Title: Ethnicity as a mediator of a social skill
Authors: Akamine, Hale S.T.
Keywords: Social skills in children -- Hawaii
Ethnicity in children -- Hawaii
Japanese Americans -- Hawaii
Issue Date: 1991
Abstract: The verbal and nonverbal behavior of 45 Japanese- American and Caucasian-American sixth-grade boys, about one-half of whom had undergone social skill training, were compared in a "resisting peer pressure" roleplay situation. Findings suggest that Japanese-Americans behave differently depending upon the ethnicity of the roleplaying partner. Japanese-Americans are significantly more likely to use direct verbal behavior with subjects from their own ethnic group and exhibit a tendency to use indirect behavior with Caucasian-American partners. It was suggested that this finding may be analogous to previous research showing that friendship, thus candor, is more likely to occur with same-race peers. Social skill training was found to significantly increase direct behavior and decrease indirect behavior. However, training was found also to increase the use of a relaxed posture. An explanation of this finding was that the behavioral coding system may not have included a posture compatible with direct verbal behavior. Implications for future study are discussed.

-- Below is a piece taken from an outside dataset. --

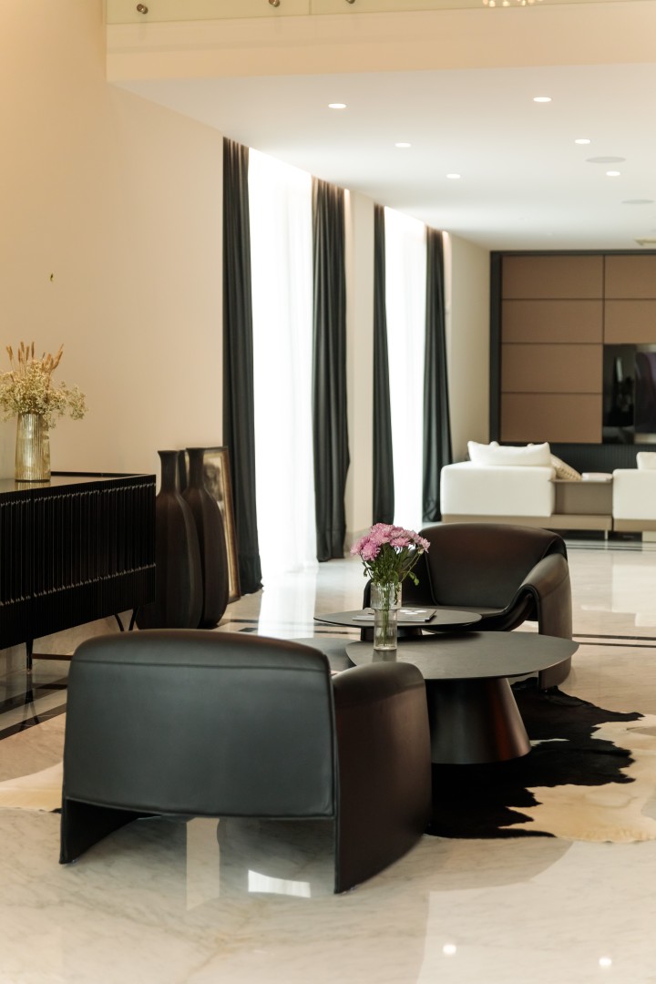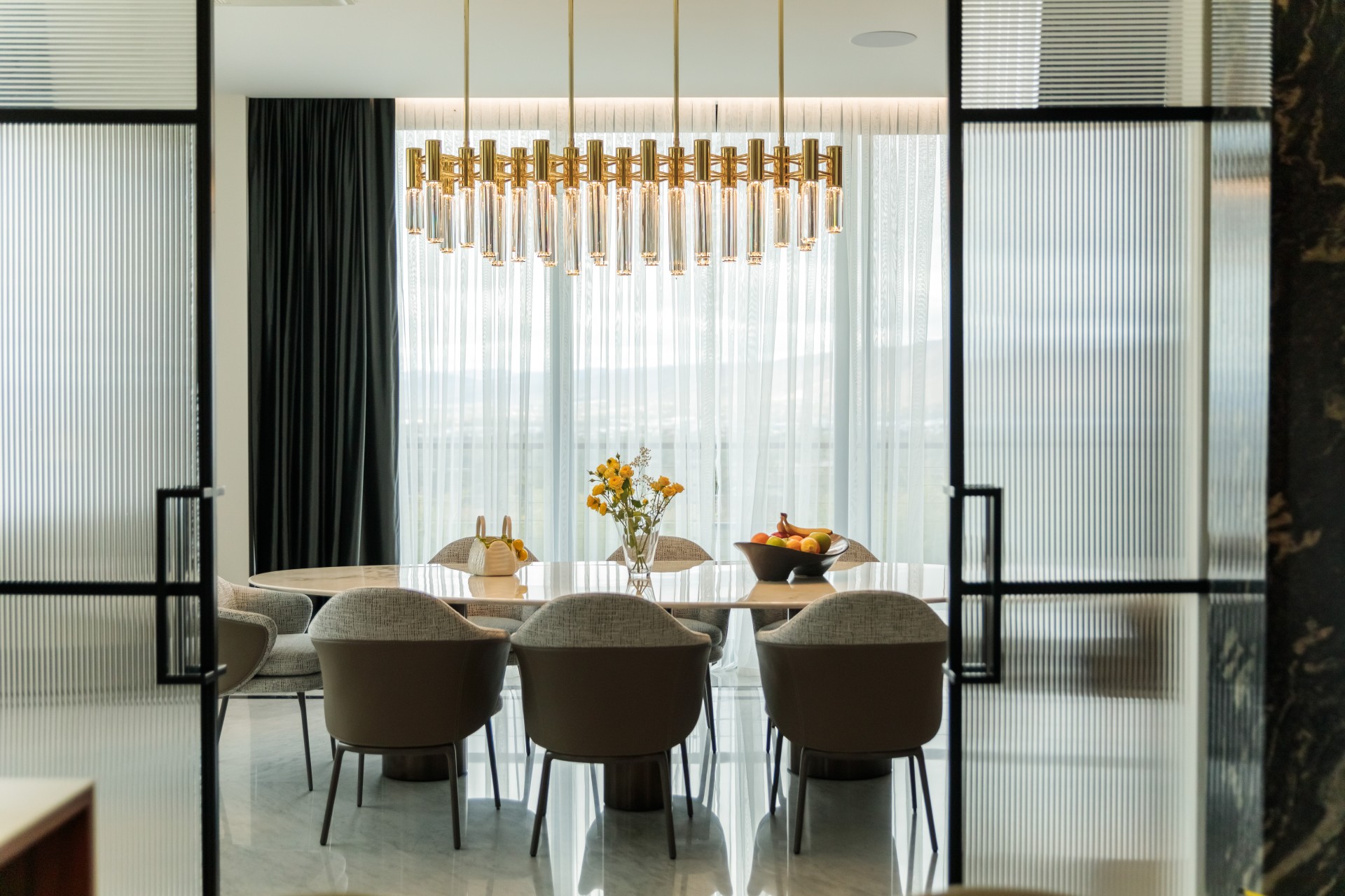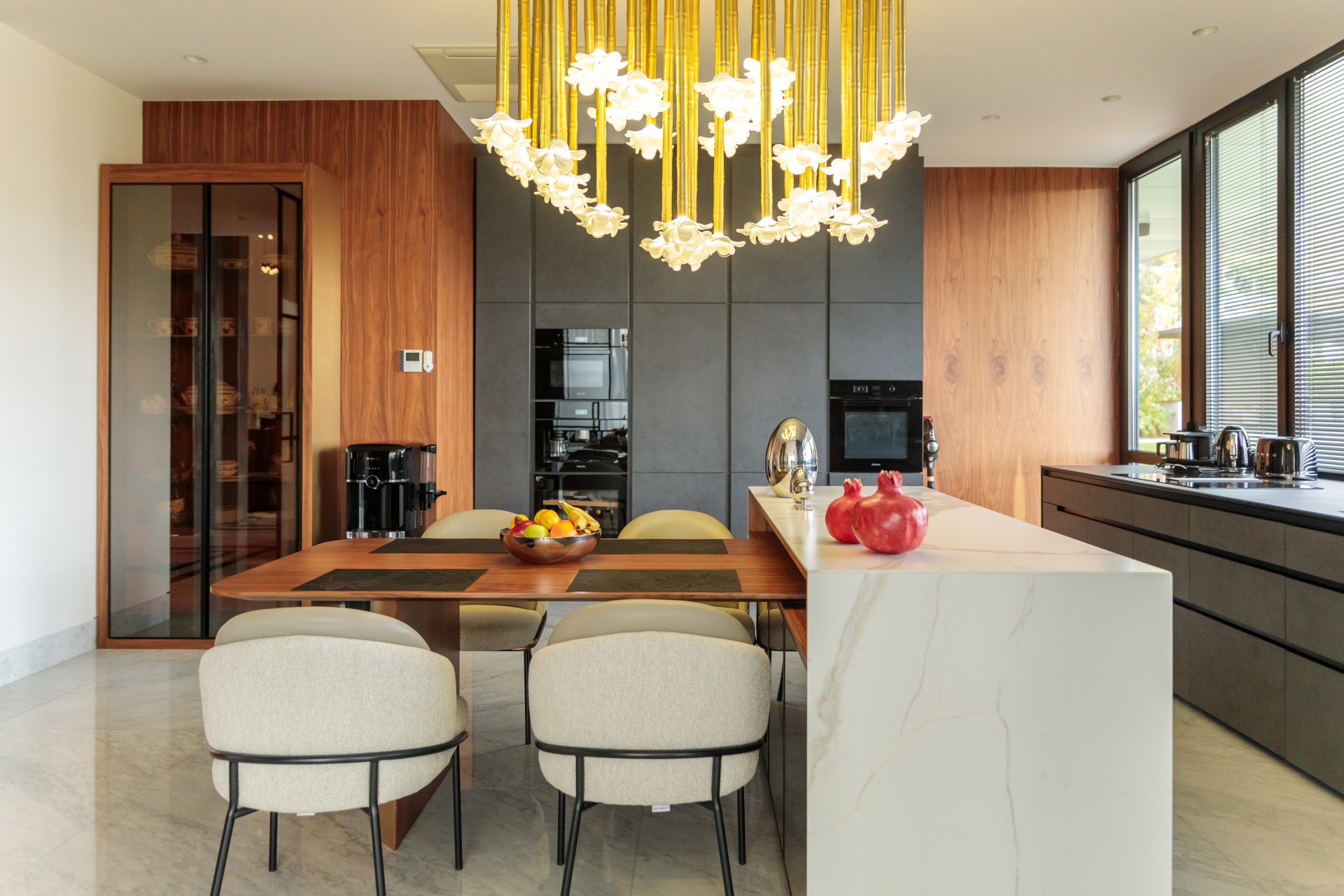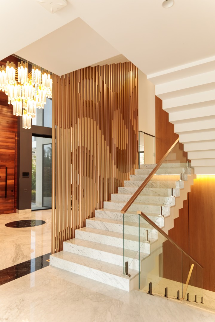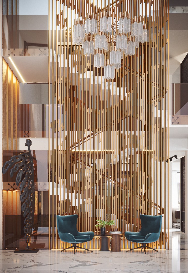 The living room is open and airy, with marble flooring and a modern chandelier bringing in shape and interest, exemplifying modern house design. The creative gold-toned staircase railing, which separates the living room and bar area from the chimney sitting area, dining room, and kitchen, is designed using custom-made metal, which elevates this architectural element from something practical to a work of art in house design. The newels, balusters, and railings of a staircase make a real design statement and bring a sense of style to the space, highlighting house design elements.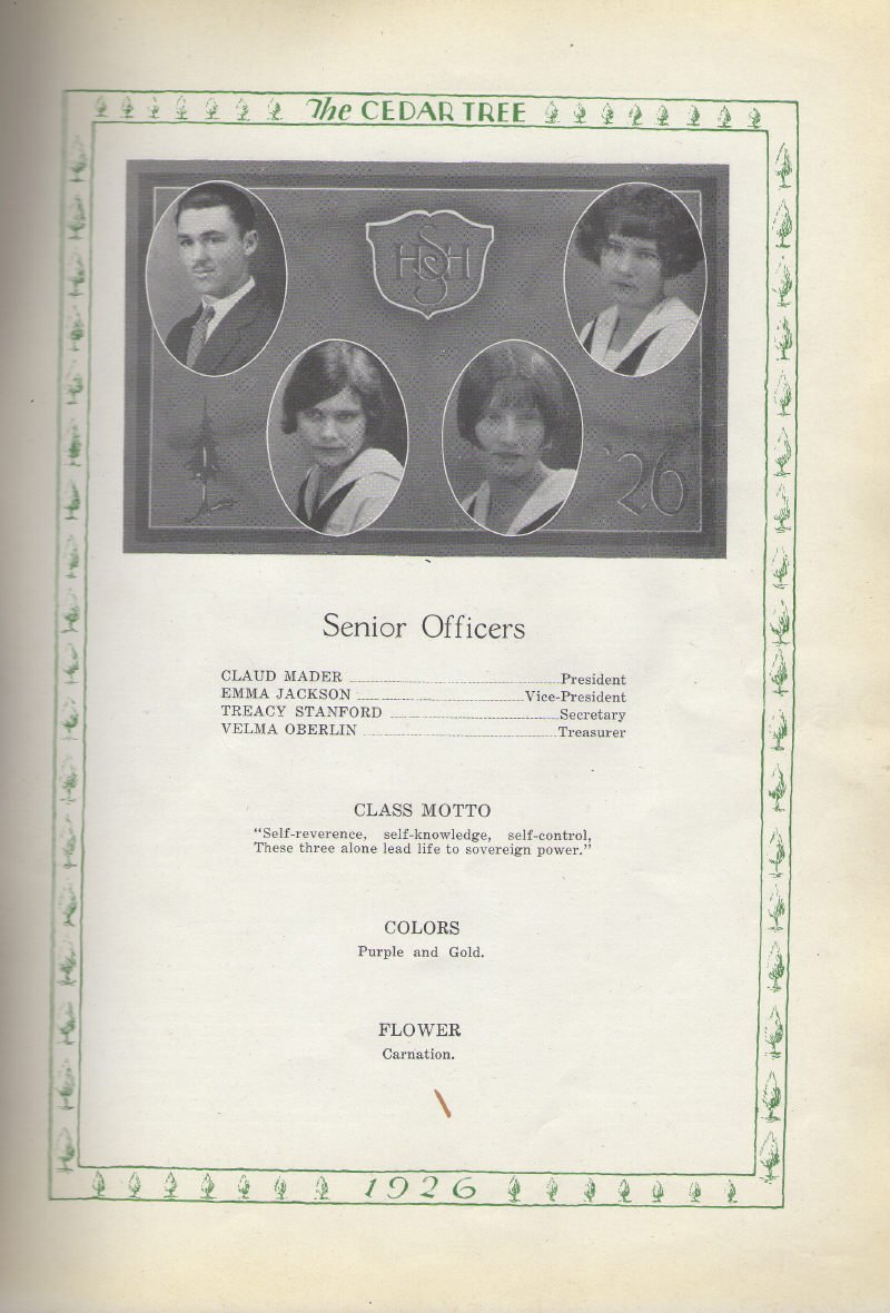 Stanford, Velma Oberlin; Class Motto, Colors, Flower

Description: Thesis (Ph. D.)--University of Hawaii at Manoa, 1991.
Includes bibliographical references (leaves 153-175)
ix, 175 leaves, bound 29 cm
Rights: All UHM dissertations and theses are protected by copyright. They may be viewed from this source for any purpose, but reproduction or distribution in any format is prohibited without written permission from the copyright owner.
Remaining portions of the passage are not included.